What Is a Load Balancer?
A load balancer is a network appliance that distributes traffic to two or more servers. These can be used in local instances, like a large business campus. You can also them for external traffic, like for users connecting to a streaming service.
Simply put, there are multiple uses for a load balancer. Having the ideal flow and shape of network traffic on your servers can be a difficult task. One of these network appliances can handle the work, however. They are fairly time-consuming to install, and they do require quite a bit of know-how to use effectively.
How Do They Work?
A load balancer takes a look at incoming traffic to a series of servers and evenly distributes it. Think of it like a series of traffic lights but with network data instead of cars.

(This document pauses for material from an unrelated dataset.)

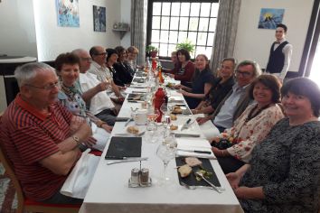 Après le déjeuner à l'Auberge des Tureaux, à Montaigu-le-Blin, l'assistance a profité de la terrasse de L'Olivier, à Saint-Gérand, puis elle s'est dirigée vers l'Espace Joyce pour suivre la conférence consacrée cette année au thème « père-fils ».

When properly configured a load balancer can keep the network as a responsive and fast environment, leading to great speeds while allowing for massive throughput.
They work by logically looking at the incoming data stream and evenly distributing it to two or more servers. You’ll typically see them in use with high-traffic websites, streaming services, and massive business campuses. Typically speaking, you’re going to see one in use when there is a ton of traffic going towards a singular network destination.
The Different Types of Load Balancers
Which type of load balancer is right for you? Keep reading to learn more about the different types and how to know which one you need.
Network Load Balancer
One of the more common types of load balancers you’ll find is a network or Layer 4 type. This sort of load balancer is one you’ll find all over the place, especially on business campuses. As Layer 4 denotes, this operates at the Transport layer of the OSI model. As such, it handles routing traffic by looking at things like the IP address and ports.
Network load balancers aren’t going to look carefully at the application-sensitive data found in a particular transmission. Instead, you’ll find that is often the case with Layer 7 load balancer. These work great in high-paced environments, and you’ll typically see these more with internal routing for business complexes.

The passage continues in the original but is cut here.